Search code examples
pythonescapingnewlinedelimiterbulk

How to escape only delimiter and not the newline character in CSV


I am receiving normal comma delimited CSV files with data having new line character.

Input data

I want to convert the input data to:

  1. Pipe (|) delimited
  2. Without any quotes to escape (" or ')
  3. Pipe (|) within data escaped with a caret (^) character

My file may also contain multiple lines on data (or data in newline in a single row).

Expected output data

Output file I was able to generate.

Output Data

As you can see in the image that caret (^) perfectly escaped all pipes (|) in data, but also escaping the newline character in 5th and 6th line, which I don't want.

NOTE: All the carriage returns (\r, or CR) and newline (\n, LF) characters should be as it is just like shown in images.

import csv
import sys

inputPath = sys.argv[1]
outputPath = sys.argv[2]
with open(inputPath, encoding="utf-8") as inputFile:
    with open(outputPath, 'w', newline='', encoding="utf-8") as outputFile:
        reader = csv.DictReader(inputFile, delimiter=',')
        writer = csv.DictWriter(
            outputFile, reader.fieldnames, delimiter='|', quoting=csv.QUOTE_NONE, escapechar='^', doublequote=False, quotechar="")
        writer.writeheader()
        writer.writerows(reader)

print("Formationg complete.")

The above code has been written in Python, it would be great if I can get help in Python. Answers in other programming languages also accepted.

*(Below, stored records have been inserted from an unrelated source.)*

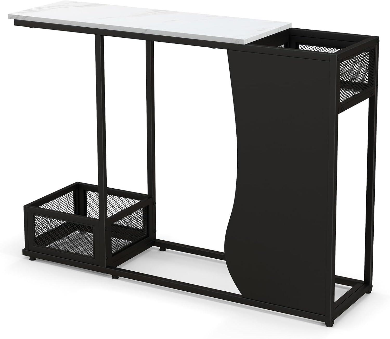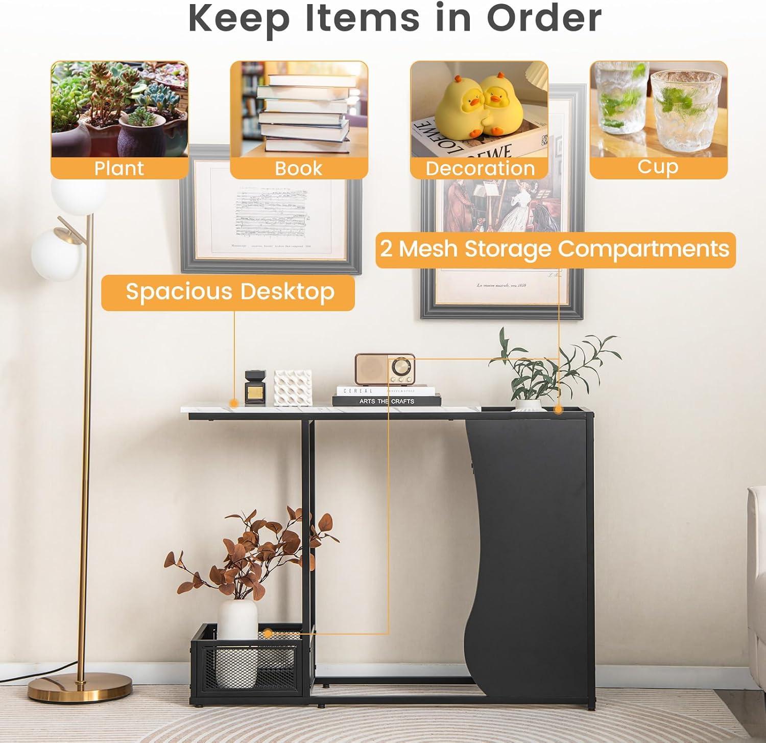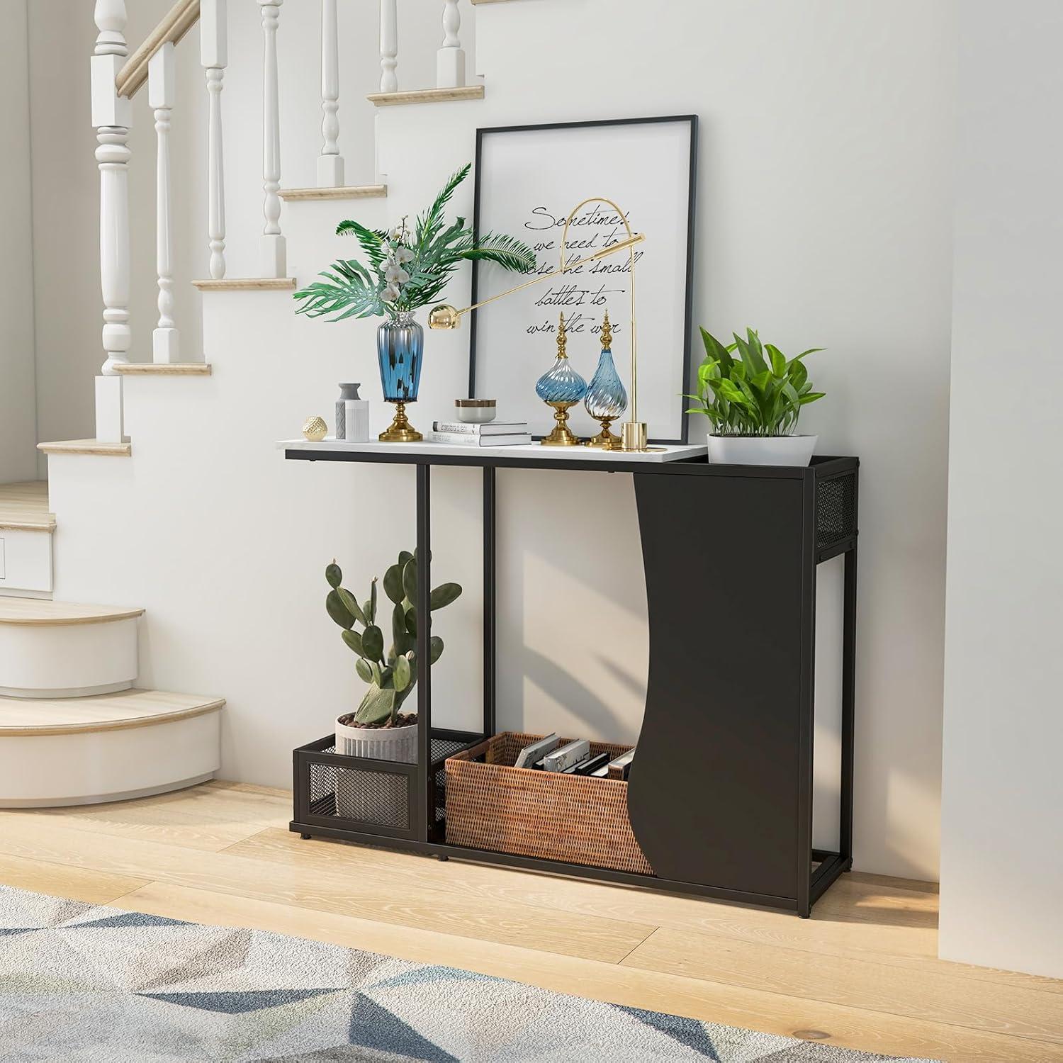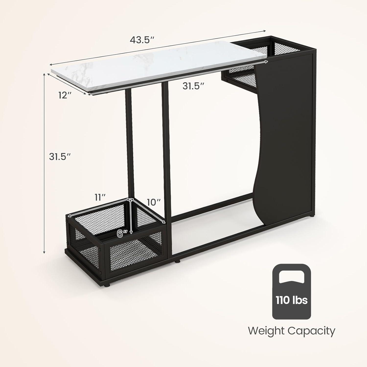 Giantex 43.5" Console Table for Entryway - Modern Entry Table with Faux Marble Top, 2 Mesh Storage Compartments, Metal Frame, Foyer Table, Narrow Sofa Table for Living Room, Hallway, White + Black
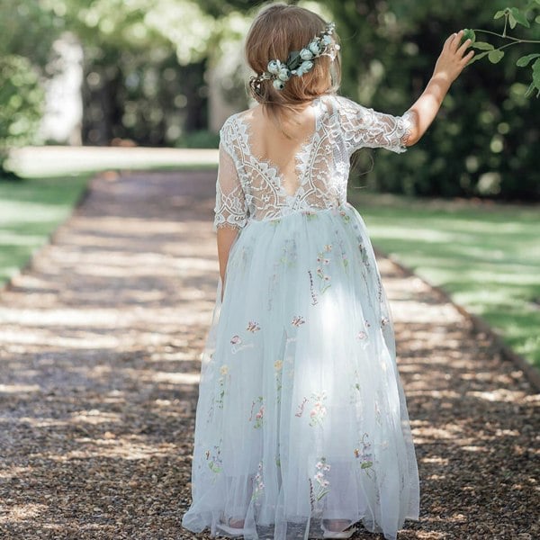 Our enchanting lace and tulle with a new patterned lace is a perfect flower girl dress. It is made with a delicate floral patterned powder blue coloured lace bodice, with matching embroidered tulle skirt.
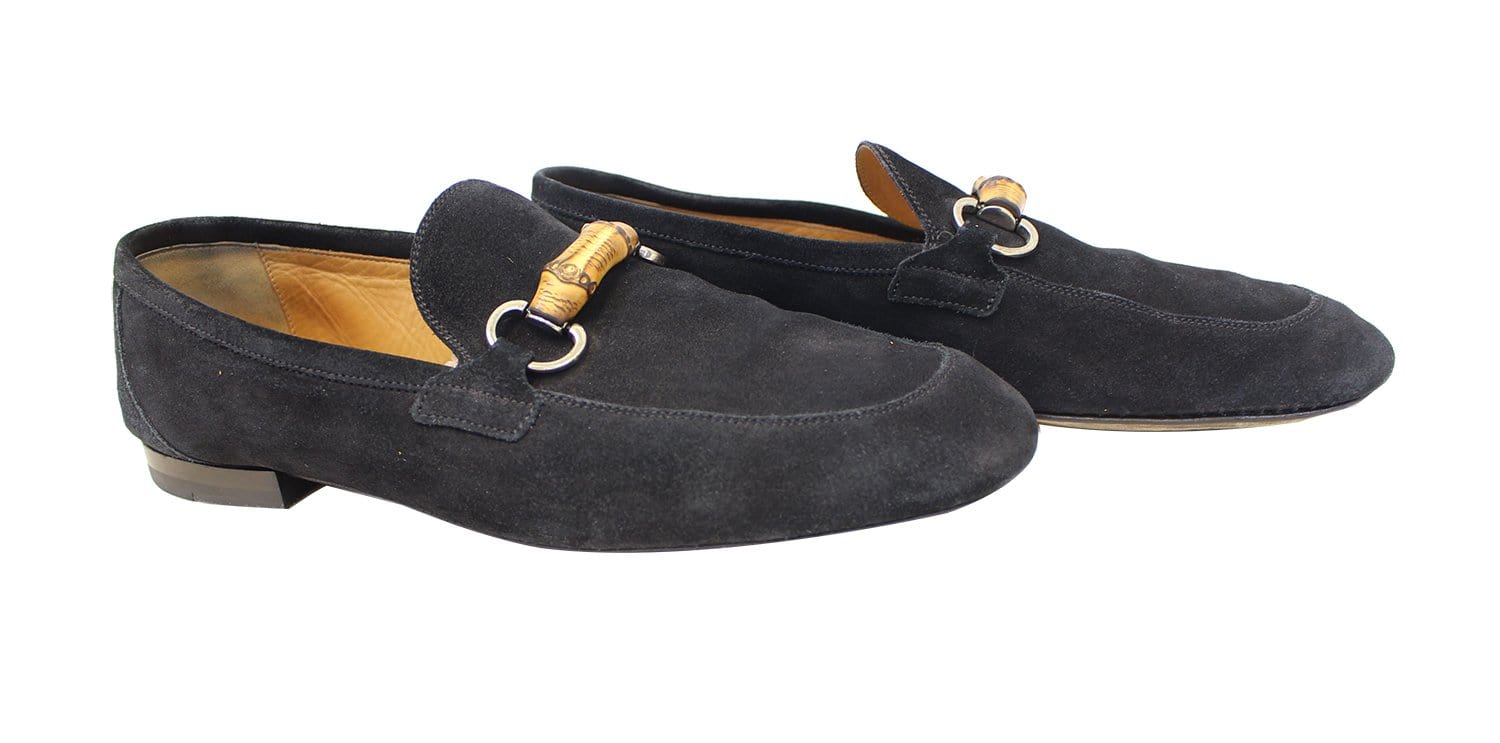 Gucci Bamboo Horsebit Black Suede Loafers 368435 Size 7
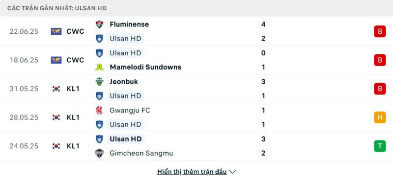 5 trận gần nhất của Ulsan HD: L-L-L-D-W
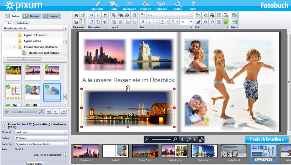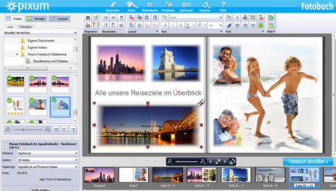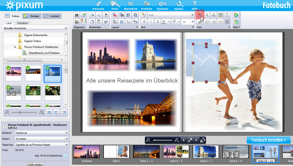 Wählen Sie zuerst in der Fotobuchübersicht die Seite aus, auf der ein Bild ausgetauscht werden soll.
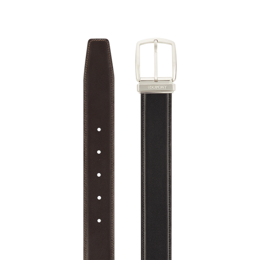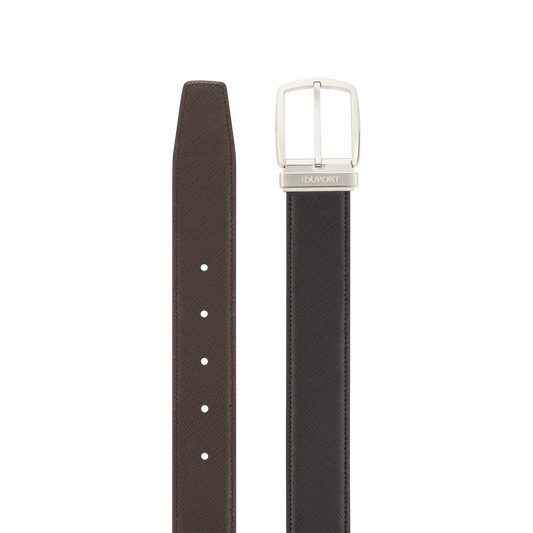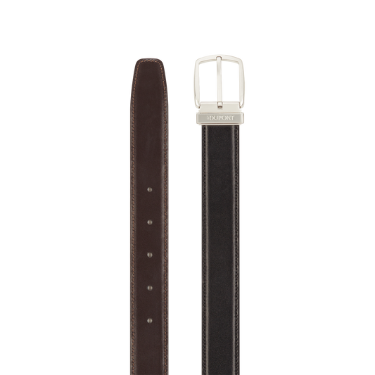 La cintura di alta gamma Line D è un modello al tempo stesso classico e raffinato che è possibile indossare tanto con dei pantaloni casual, quanto con un abito classico in fresco lana, da abbinare al colore delle scarpe e dell’abito. La linea e le finiture sobrie dell’accessorio aggiungeranno un tocco di eleganza all’insieme, senza dare nell’occhio. Le nostre cinture sono disponibili in vari colori e patine e in due larghezze diverse. Il logo S.T. Dupont è inciso a mo’ di firma nella barretta in metallo. Il modello Business, double face, gioca con i contrasti, associando tutte le tecniche che hanno reso famoso il marchio, tanto che per produrre questo accessorio semplicemente indispensabile per ogni uomo elegante sono richiesti laccatura, cesellatura, metalli preziosi e patine. Nelle collezioni di cinture della Maison l’attenzione al dettaglio è spinta all’estremo come solo l’eccellenza pretende; un esempio’ I passanti bicolori con iniziali permettono di abbinare il colore della cintura alle finiture della chiusura.
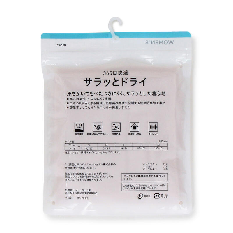 吸汗速乾・抗菌防臭加工によって匂いも気にならず、一日中気持ち良く着用できます。
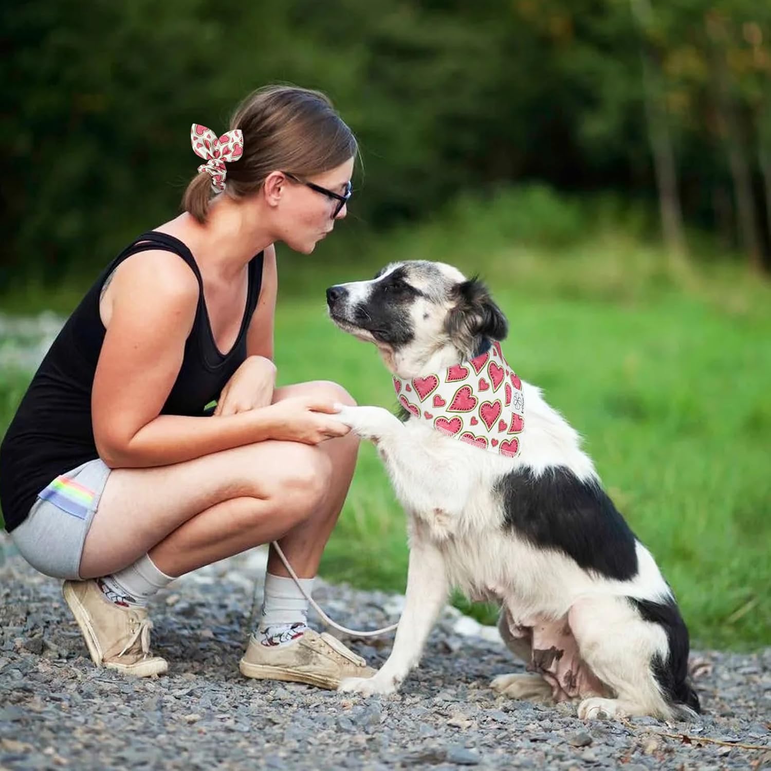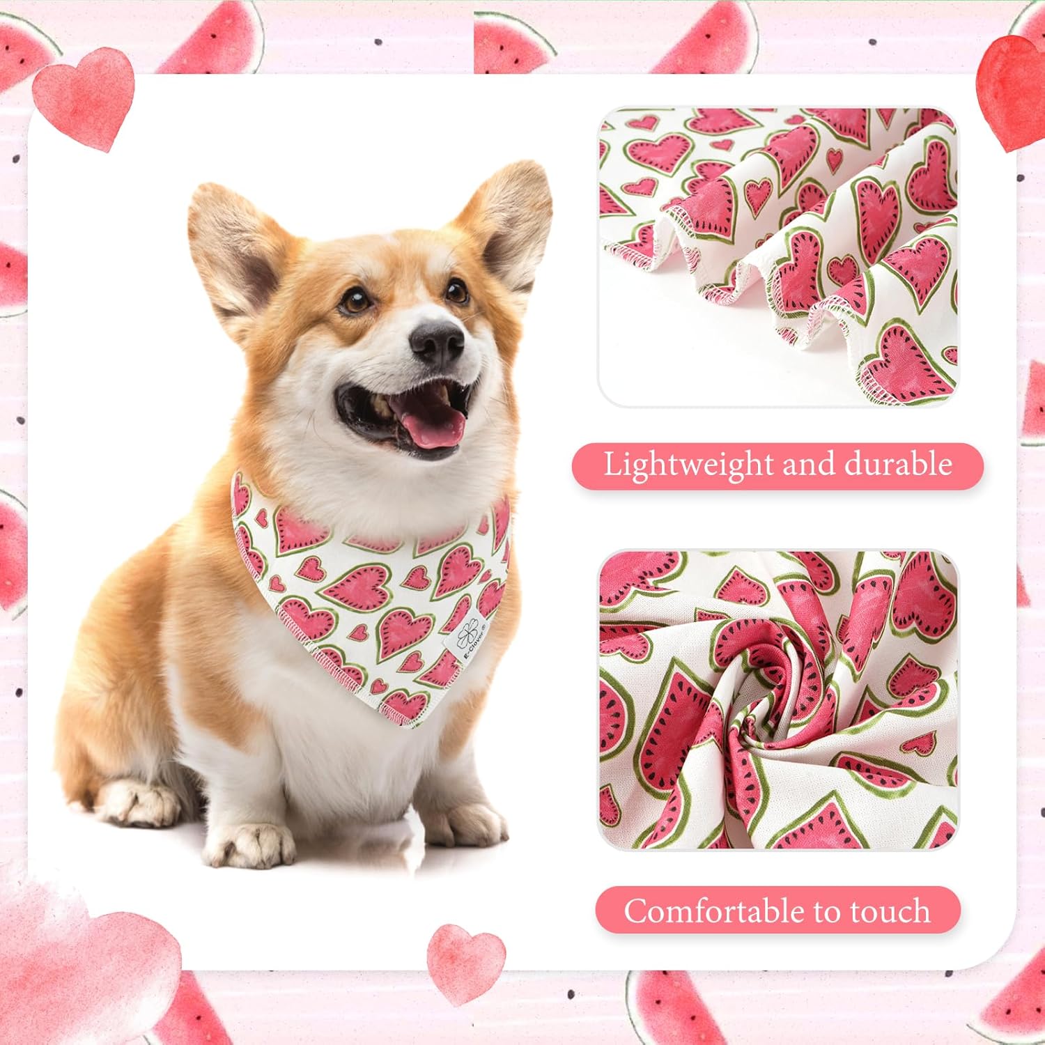 E-Clover Pink Watermelon Dog Bandanas & Matching Scrunchie Set Cute Heart Dog Scarf Bibs Pet Bandana with Bow Tie for Medium Large Dogs Owner Mom Spring Summer
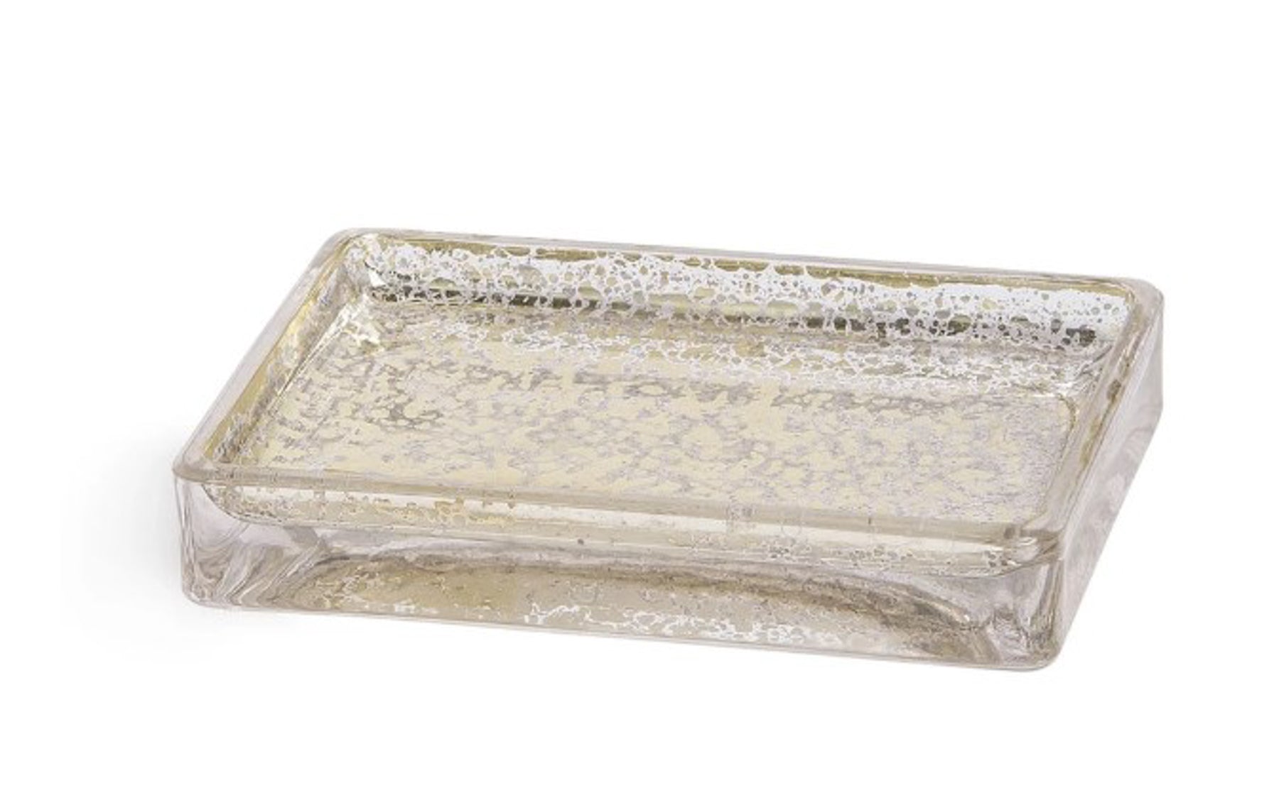 Crafted from sparkling mercury glass, our Vizcaya bath accessories illuminate the bathroom with a delightful shine! Soap Dish measures 13 cm l x 9cm w x 2cm h. Tumbler measures 11cm h, diameter 8cm.

There is more than 8 million records

Please find below some sample data:

"VENDOR ID","VENDOR NAME","ORGANIZATION NUMBER","ADDRESS 1","CITY","COUNTRY","ZIP","PRIMARY PHONE","FAX","EMAIL","LMS RECORD CREATED DATE","LMS RECORD MODIFY DATE","DELETE FLAG","LMS RECORD ID"
"a0E6D000001Fag8UAC","Test 'Vendor' 1","","This Vendor contains a single (') quote.","","","","","","[email protected]","2020-4-1 06:32:29","2020-4-1 06:34:43","false",""
"a0E6D000001FagDUAS","Test ""Vendor"" 2","","This Vendor contains a double("") quote.","","","","","","[email protected]","2020-4-1 06:33:38","2020-4-1 06:35:18","false",""
"a0E6D000001FagIUAS","Test Vendor | 3","","This Vendor contains a Pipe (|).","","","","","","[email protected]","2020-4-1 06:38:45","2020-4-1 06:38:45","false",""
"a0E6D000001FagNUAS","Test Vendor 4","","This Vendor contains a
carriage return, i.e 
data in new line.","","","","","","[email protected]","2020-4-1 06:43:08","2020-4-1 06:43:08","false",""

NOTE: If you copy above data, please make sure that 5th and 6th line should end with only LF (i.e New Line, \n) just like shown in images, or else please try to replicate those 2 line as that's what this question is all about not escaping those 2 lines specificaly, as highlighted in the image below.

The above code is the final out come of all my findings on internet. I've even tried pandas library and it's final output is same as well.


Solution

  • Another alternateive to what I want to achive I've done using Wondows Powershell script.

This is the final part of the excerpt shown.